The idea of having to shell-out +160€ just to get two PCI-e slots working at x8/x8 still boggles me...but that's what lack of competition creates, I guess. It has a 8+4 phase for the CPU, but I don't think this one was geared towards overclockers, although it's obviously good for the job anyway.
However, I applaud ASUS' commitment to PWM fan headers. Some manufacturers simply don't seem to get it.
Thank you for the review, Dave.


----------



## cadaveca (Jul 4, 2012)

Given the prices of other board out there, and the features of other boards at the same price, it does seem to offer a bit more, but yeah, boards are selling at a premium all over right now.

For daily users, nothing about this board is really going to affect clocking. Power regulation all over is more than is needed, so votlages provided are nice and stable.


----------



## Widjaja (Jul 4, 2012)

My Brother has the Pro version of this board.
The onboard audio died on it after a month or so use.

As for the premium piad, well.....ASUS seem to be more expensive than other boards in general, but in most cases besides my Brother, you are getting quality hardware.


----------



## Crap Daddy (Jul 4, 2012)

That Wifi stuff is nice and probably adds to the price. Still too expensive. Can't wait for an ASRock review since I've been using their boards and they served me well.


----------



## cadaveca (Jul 4, 2012)

Crap Daddy said:


> That Wifi stuff is nice and probably adds to the price. Still too expensive.
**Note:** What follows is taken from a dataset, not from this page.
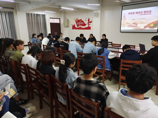 学百年党史,重温历史忆初心;做时代新人,砥砺奋进担使命。为教育引导我院广大青年团员厚植爱党爱国的坚定信念,勇于担当新时代青年的使命和责任,帮助青年团员从党的百年征程中感悟党的峥嵘岁月,根据学校党史学习教育领导小组部署安排,4月23日中午,大数据与人工智能学院在数计楼407会议室开展了“学党史、强信念、跟党走”主题团日活动。参加活动的有学院团总支书记鄢杰、学生会全体成员和各班团支部书记。会议由团总支书记鄢杰主持。
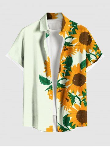Sunflower Print Plus Size Matching Hawaii Beach Outfit For Couples - White

Can't wait for an ASRock review since I've been using their boards and they served me well.



Working on that right this second. I was sent the Extreme9, priced @ around $369 or so.


----------



## Crap Daddy (Jul 4, 2012)

cadaveca said:


> Working on that right this second. I was sent the Extreme9, priced @ around $369 or so.



They should have sent you a more affordable one for starters, at least that was? their reputation but it seems that they really want to put a strong foot in the major league.


----------



## cadaveca (Jul 4, 2012)

Crap Daddy said:


> They should have sent you a more affordable one for starters, at least that was? their reputation but it seems that they really want to put a strong foot in the major league.



I hope to be covering others soon, but need to deal with what I got on-hand first.  Hopefully a high-end ASUS board soon too.


----------